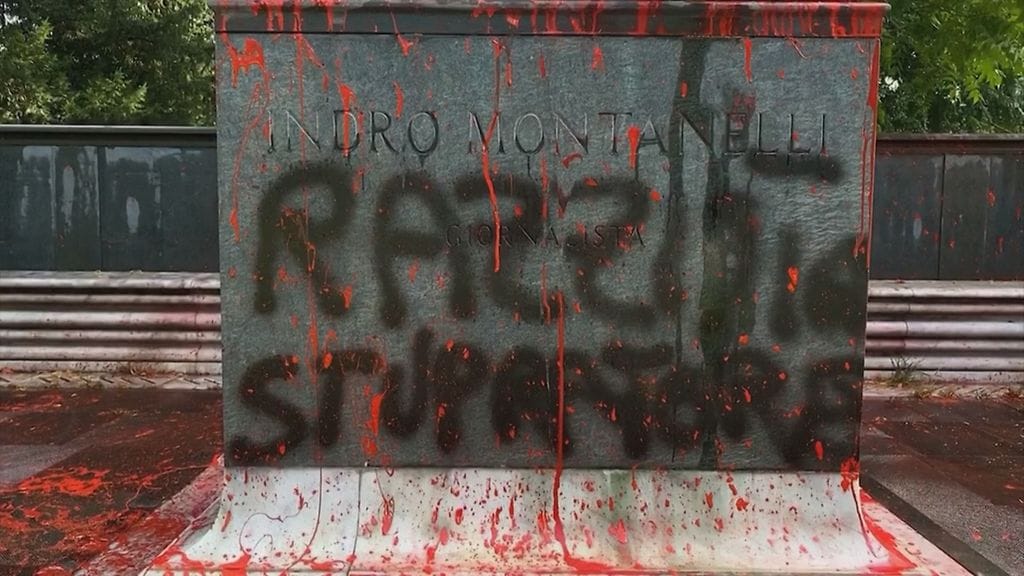 Kuten yllä olevalta videolta näkee, Indro Montanellin patsas töhrittiin kirkkaanpunaisella maalilla. Patsaan jalustaan oli kirjoitettu italiaksi mustalla värillä sanat: rasisti ja raiskaaja.
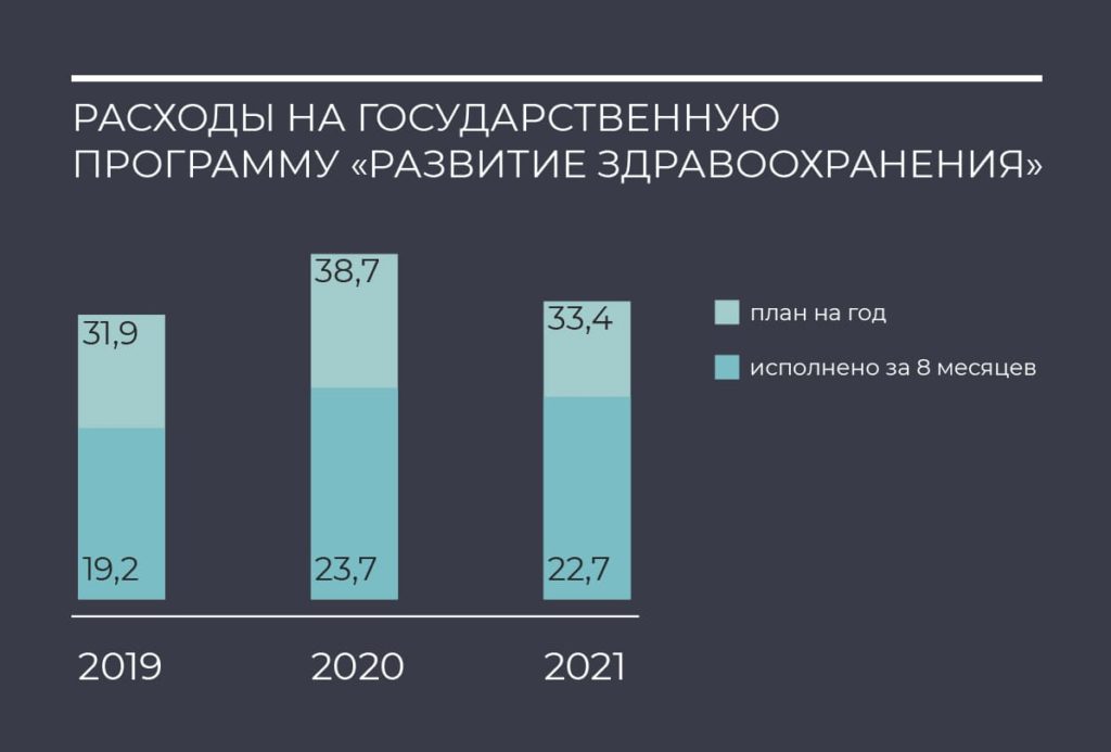 Тут нужно ещё отметить, что исполнение за 8 месяцев составило 68% от запланированных расходов за год. Расходование средств на здравоохранение идёт более высокими темпами и в сравнении со всеми другими расходами бюджета, и в сравнении с предыдущими периодами. Это как раз говорит о высоких потребностях в финансировании отрасли.
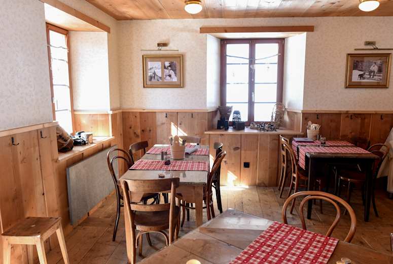 Im Inneren des kleinen Bergrestaurants AlpenblickFoto: Saastal Tourismus AG/Alpenblick
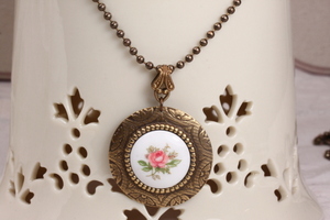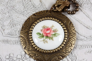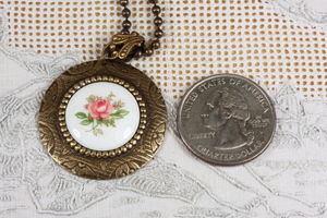 A lovely vintage Japanese decal rose cabochon really needs no embellishment. The setting measures 1 1/4 inches. The back edges are thick brass, but hollow, With the small bail the pendant drop is 1 1/2 inches.The pendant is suspended from a ball chain that closes with a lobster clasp. All metals are American made Vintaj Brass, The cameo is vintage Japanese glass. The chain meausres 18 inches but you may request a different length at no additional cost.
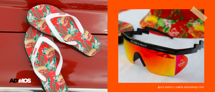 В мерчшопе Arby’s также можно найти футболки, майки, вьетнамки и купальники, а также солнечные очки с оригинальными дужками. Все эти товары доступны на виртуальных полках магазина для поклонников бренда Arby’s.
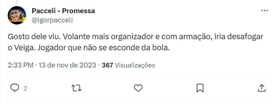 No Brasileirão, Caio Alexandre tem 29 jogos, com dois gols marcados e duas assistências. Resta saber se a diretoria palestrina vai investir nessa contratação, mas aprovação da torcida já tem.

***

Exact copy, pictures excluded: every line above from the one containing "Im Inneren des" to the one containing "В мерчшопе Arby’s", inclusive, and nothing more.

# ANSWER SPACE
 Im Inneren des kleinen Bergrestaurants AlpenblickFoto: Saastal Tourismus AG/Alpenblick
 A lovely vintage Japanese decal rose cabochon really needs no embellishment. The setting measures 1 1/4 inches. The back edges are thick brass, but hollow, With the small bail the pendant drop is 1 1/2 inches.The pendant is suspended from a ball chain that closes with a lobster clasp. All metals are American made Vintaj Brass, The cameo is vintage Japanese glass. The chain meausres 18 inches but you may request a different length at no additional cost.
 В мерчшопе Arby’s также можно найти футболки, майки, вьетнамки и купальники, а также солнечные очки с оригинальными дужками. Все эти товары доступны на виртуальных полках магазина для поклонников бренда Arby’s.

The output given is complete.